## Task description
In the answer, transcribe exactly the lines from the beginning of the material through the line holding "After so many", and skip every picture.

## Information shown
▼▼▼

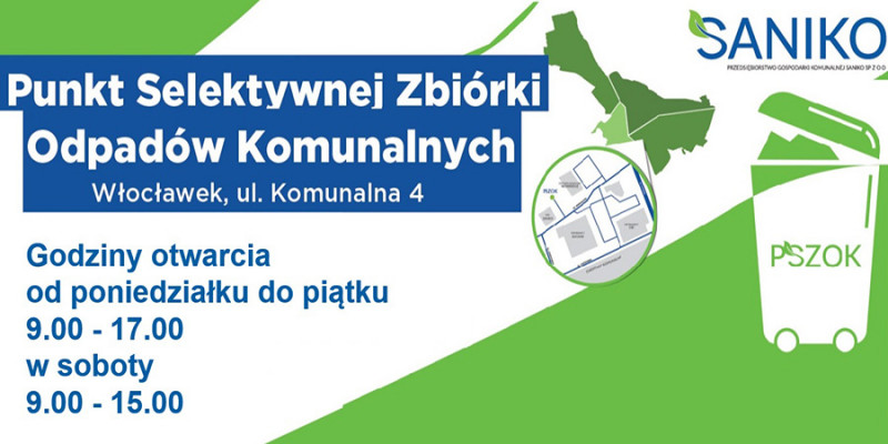 Przedsiębiorstwo Gospodarki Komunalnej "Saniko" informuje, że od 8 stycznia 2022 roku, w każdą sobotę Punkt Selektywnej Zbiórki Odpadów Komunalnych przy ul. Komunalnej 4 we Włocławku, czynny będzie od godziny 9.00 do 15.00.
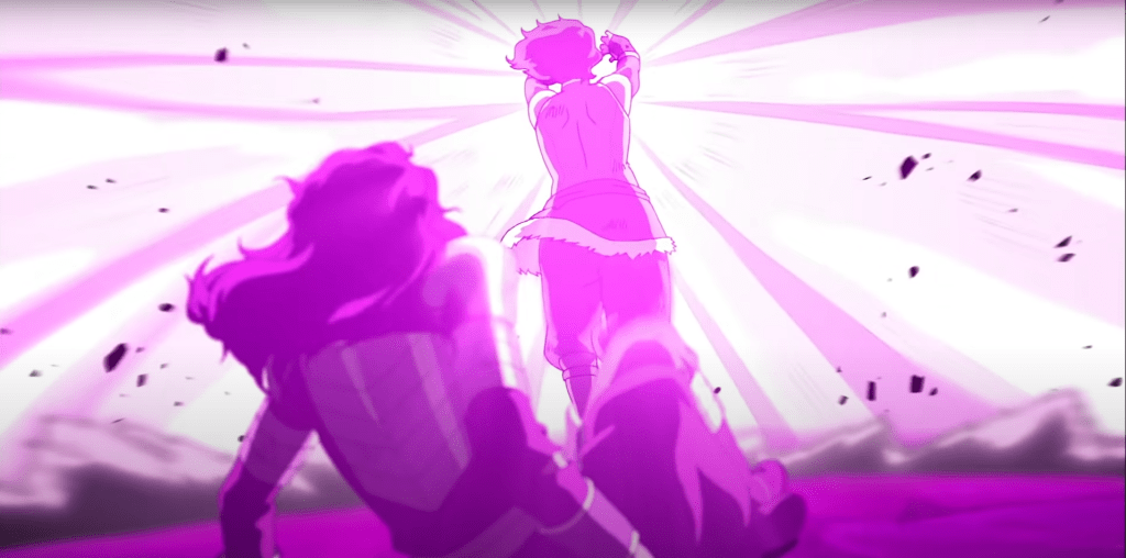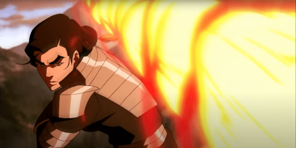 After so many months of struggling to recognize her own internal failings, Kuvira is finally ready to take accountability for everything she’s done. But because of that new sense of heightened awareness of her many crimes, Kuvira looks at Guan and sees only red. He is a reflection of her Great Uniter persona, the continuance of the suffering caused by the Earth Empire she founded, and in her desperation to atone, all Kuvira can think to do is kill him and end it all for good.
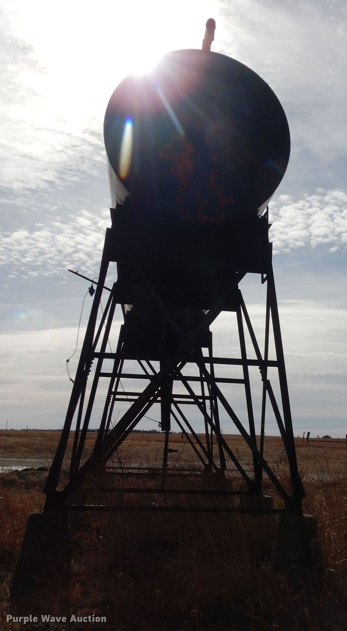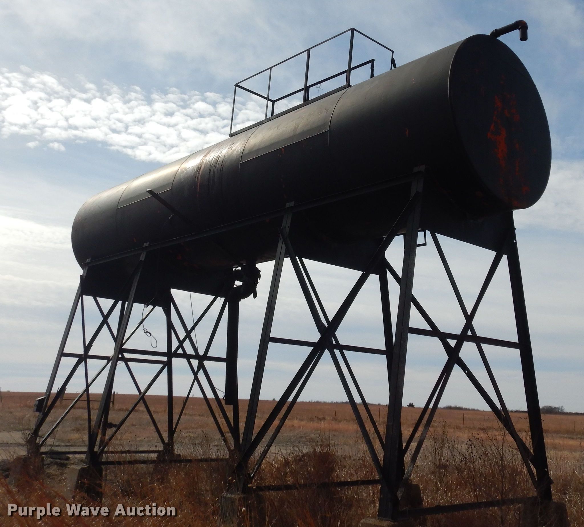 Purple Wave is selling a used Tanks in Kansas. This item is a 1954 R&R asphalt storage tank with the following: 33'L x 10' diameter, Capacity: 8,000 gallons, Stand, KDOT ID: 757-1044

▲▲▲

## Reply to the exercise
 Przedsiębiorstwo Gospodarki Komunalnej "Saniko" informuje, że od 8 stycznia 2022 roku, w każdą sobotę Punkt Selektywnej Zbiórki Odpadów Komunalnych przy ul. Komunalnej 4 we Włocławku, czynny będzie od godziny 9.00 do 15.00.
 After so many months of struggling to recognize her own internal failings, Kuvira is finally ready to take accountability for everything she’s done. But because of that new sense of heightened awareness of her many crimes, Kuvira looks at Guan and sees only red. He is a reflection of her Great Uniter persona, the continuance of the suffering caused by the Earth Empire she founded, and in her desperation to atone, all Kuvira can think to do is kill him and end it all for good.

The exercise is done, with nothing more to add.